То есть пока я с интеллигентской садистической усмешкой вел дипломатическую беседу-монолог с Гришей, мозг последнего растерял последние остатки личной безопасности, предохранительный инстинкт извратился и подал

невразумительную команду: скушать врага вместе с его заряженной игрушкой!

И Гриша, не давая мне секунды на размышление, всей своей тренированной мышечной массой вбросился в форточку, предварительно сделав руки по швам, и в коротком полете ласточкой внутрь лимузина успел-таки, подлец, прихватить своей зубастой, усаженной стальными фиксами и мостами (еще в момент моего полонения я эти зубы успел запечатлеть) пастью хрупкий вороненый короткопалый ствол пистолета-пулемета. И, не давая мне опомниться, мощным движением молодецкой шеи вырвал и отбросил смертоносную игрушку куда-то вниз, в сведенные трупным окостенением расставленные колени холодеющего командира.

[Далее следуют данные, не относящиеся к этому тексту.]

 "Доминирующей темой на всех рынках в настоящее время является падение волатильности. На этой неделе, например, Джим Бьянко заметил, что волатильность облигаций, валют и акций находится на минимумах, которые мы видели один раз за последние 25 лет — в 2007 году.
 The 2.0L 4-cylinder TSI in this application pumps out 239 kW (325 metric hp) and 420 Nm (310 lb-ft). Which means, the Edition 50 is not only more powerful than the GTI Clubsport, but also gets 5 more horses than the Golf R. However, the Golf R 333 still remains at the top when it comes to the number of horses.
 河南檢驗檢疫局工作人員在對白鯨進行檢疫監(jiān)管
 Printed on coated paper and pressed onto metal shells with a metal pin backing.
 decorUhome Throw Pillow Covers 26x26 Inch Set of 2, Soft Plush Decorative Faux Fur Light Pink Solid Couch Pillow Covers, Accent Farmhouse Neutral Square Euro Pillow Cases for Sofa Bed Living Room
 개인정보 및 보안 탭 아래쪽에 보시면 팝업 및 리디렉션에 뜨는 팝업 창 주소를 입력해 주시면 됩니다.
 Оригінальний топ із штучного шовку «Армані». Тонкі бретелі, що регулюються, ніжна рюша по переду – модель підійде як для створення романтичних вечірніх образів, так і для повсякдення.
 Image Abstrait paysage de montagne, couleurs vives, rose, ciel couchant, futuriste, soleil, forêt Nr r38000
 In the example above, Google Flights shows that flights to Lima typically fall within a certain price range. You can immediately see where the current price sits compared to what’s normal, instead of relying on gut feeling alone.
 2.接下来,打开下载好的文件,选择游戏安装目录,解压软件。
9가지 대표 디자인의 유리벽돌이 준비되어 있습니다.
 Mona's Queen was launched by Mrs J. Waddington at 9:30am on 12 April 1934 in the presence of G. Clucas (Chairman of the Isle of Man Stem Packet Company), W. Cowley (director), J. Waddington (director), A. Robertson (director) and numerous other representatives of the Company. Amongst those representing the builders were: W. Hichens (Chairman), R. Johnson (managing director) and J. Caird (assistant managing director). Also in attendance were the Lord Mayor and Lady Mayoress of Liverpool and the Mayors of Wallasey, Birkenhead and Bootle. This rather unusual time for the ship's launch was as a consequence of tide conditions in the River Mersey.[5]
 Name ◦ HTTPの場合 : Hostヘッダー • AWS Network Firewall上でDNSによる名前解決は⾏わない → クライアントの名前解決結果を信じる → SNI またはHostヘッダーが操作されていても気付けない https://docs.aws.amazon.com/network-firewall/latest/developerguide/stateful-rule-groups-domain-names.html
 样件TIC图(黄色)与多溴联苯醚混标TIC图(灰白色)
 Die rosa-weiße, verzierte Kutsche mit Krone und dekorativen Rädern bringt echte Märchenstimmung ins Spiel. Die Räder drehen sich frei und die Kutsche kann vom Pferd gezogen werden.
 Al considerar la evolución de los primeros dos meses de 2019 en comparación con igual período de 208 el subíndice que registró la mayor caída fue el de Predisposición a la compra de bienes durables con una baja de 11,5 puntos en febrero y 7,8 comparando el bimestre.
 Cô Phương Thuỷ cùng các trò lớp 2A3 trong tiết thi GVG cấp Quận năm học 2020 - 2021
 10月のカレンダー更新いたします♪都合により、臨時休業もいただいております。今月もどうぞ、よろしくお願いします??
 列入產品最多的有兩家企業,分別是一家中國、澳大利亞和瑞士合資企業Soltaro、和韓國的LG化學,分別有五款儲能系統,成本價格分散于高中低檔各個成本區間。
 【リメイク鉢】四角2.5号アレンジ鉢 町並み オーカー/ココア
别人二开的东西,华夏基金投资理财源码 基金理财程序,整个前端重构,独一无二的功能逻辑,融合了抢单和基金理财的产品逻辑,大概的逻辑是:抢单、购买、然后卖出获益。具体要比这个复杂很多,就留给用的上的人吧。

Вот это я понимаю подготовочка… Вот они кадры настоящих бойцов! Умудрился я восхититься людоедской сноровкой мальчика, который, стиснутый чужеземными рамками дверной форточки, успел почти до пояса пропихнуть себя внутрь салона, всем своим аппетитным видом докладывая мне, что мудачок-мужичок – это покамест цветочки, а ягодки будут первый сорт…

И в подтверждение этого его стальная клацкающая, изголодавшаяся пасть зарыскала в мою сторону, непременно ища мой нежный, разом вспотевший кадык.

Меня же эта предмогильная увертюра занимала все больше и больше. Ну-ну, сторож Гриша, покажи, на что ты еще способен. И, не потакая его кровожадному зову, увернулся от его мотающейся, таранящей стриженой башки и, приложивши некоторые усилия, втащил на себя окоченевшего коллегу его, нарушив тем самым свои нравственные установки: не пачкаться трупными человеческими оболочками, не бередить их естественного оцепенения.

И, улучив предательский момент, вместо своей увлажненной пульсирующей щеки подсунул служебную холодную, отвердевшую, надеясь, что в пылу своей кровожадности страж Гриша удовлетворит свое вампирское желание слегка свернувшейся кровью.

И Гришина симпатичная ждущая пасть не промахнулась, изрыгая мило тигриные звуки, в которых пошло мешался слабосильный человеческий мат-арго; нашедши вожделенную сырую плоть, она со смачным чавканьем и хрустом чужих горловых хрящей замкнулась, на какое-то мгновение притихла, как бы не веря в свою удачу, слегка отжала челюсти, по-волчьи перехватила, вгрызаясь, и на какой-то миг как бы изнемогла от сладостной минуты бытия…

Похоже, мальчик прибалдел от своей очередной победы, тем лучше для его молодецкого здоровья.

Да, я почти умилялся Гришиной бесстрашной прытью. Меня умиляли его неразборчивые вкусовые данные. Его воистину зеленобереточная небрезгливость: когда вместо разрывной пули тум-тум – собственный обыкновенный палец с грязным отросшим ногтем, втолкнувши который в глазницу врага внутри его черепа взбить коктейль из мозгов его, а отверстие, куда он (бравый диверсант) сует самую неискушенную пищу, запросто превращается в противопехотную лимонку-людоедку.

Мягко отжавши противоположную дверцу, я рывком вывалился наружу, жадным собачьим придыханием хватая вкусный, прохладный осенний с горчинкой воздух. Не позволяя телу

расслабляться, перебирая руками по лакированному захолодавшему кузову машины, встал в полный рост, не забывая пройтись по адресу моей горячо ненавидимой супруги: стерва, сидит себе и в ус не дует… Разумеется, про ус жены я выругался несколько аллегорически, но все равно в этот вечер она меня достала.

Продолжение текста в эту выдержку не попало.